I also took the opportunity to go on the two tours to other parts of the site including the Bioimaging Facility. Here, as throughout the day, staff were on hand to show us round, to explain the different applications of the light and electron microscopes as well as answering any questions.
The other tour (and probably the highlight of the day) was to the Sample Archive. The archive contains more than 300,000 samples of crops, soils, fertilisers and manures, dating back to 1844. Endless rows of shelving full of carefully catalogued materials is not an unusual sight to someone who works in a university library, but the items themselves were rather different to the textbooks we have at Cranfield. Glass bottles and jars of different sizes, neat cardboard boxes and a variety of metal tins re-purposed when glass bottles were scarce (look out for the coffee, liver salts and milk powder containers in the photo). All beautifully labelled (although with a numbered shelving system that seemed even more complicated than UDC) and some from as far away as Woburn and Bermuda!
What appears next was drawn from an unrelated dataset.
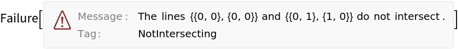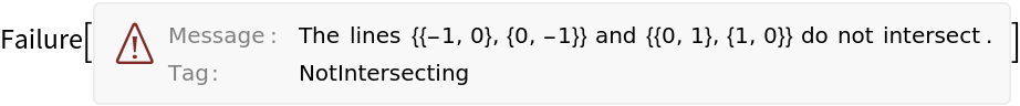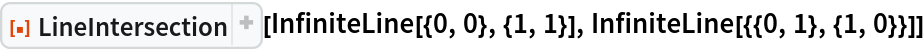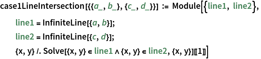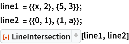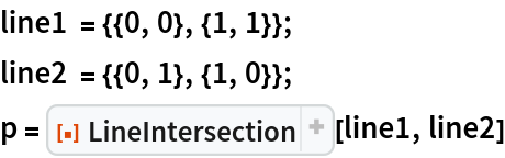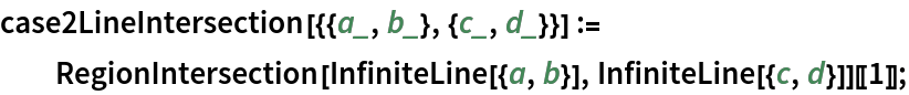 ResourceFunction["LineIntersection"][{{a,b},{c,d}}] returns the intersection of the infinite lines through points a to b and points c to d. |

We then headed back to the conference centre for a series of flash talks from 4 PhD students who were challenged with talking for 5 minutes on their chosen topic without slides, using only props. The first two talks were about soil fungus, named ‘take all’ given by Joseph Moughan a Plant Doctor in training, and Sarah-Jane Osborne who explained ‘the battle beneath our feet’. They were followed by ‘below ground detective’ Frances Cheesman on the role of Bradyrhizobium in the soil microbial community and finally Katrina Pears discussed the three-leaved clover – ‘more than just a weed!’. As Adelia de Paula tweeted, inspiring talks which the kids (and the rest of us) loved.
There was just enough time to hitch a ride on the tractor-trailer to visit the Broadbalk Wheat Experiment fields. This is the classic experiment at Rothamsted, which is the longest running agricultural research station in the world. Broadbalk was first sown to winter wheat in autumn 1843 and scientists have been observing the effects of adding farmyard manure and a variety of other fertilizers on the crop yield and soil properties ever since. As well as the original experiment designed over 170 years ago, there were also examples of some more modern experimental approaches used by Rothamsted researchers. For example, the octocopter drones and portable gas analysers measuring the emission of carbon dioxide, nitrous oxide and other gases from the soil in real-time.
Sadly I didn’t get the chance this time to find out about kriging and geostatistics but it was a great day indeed. A big thank you to all the people involved and I look forward to my next visit!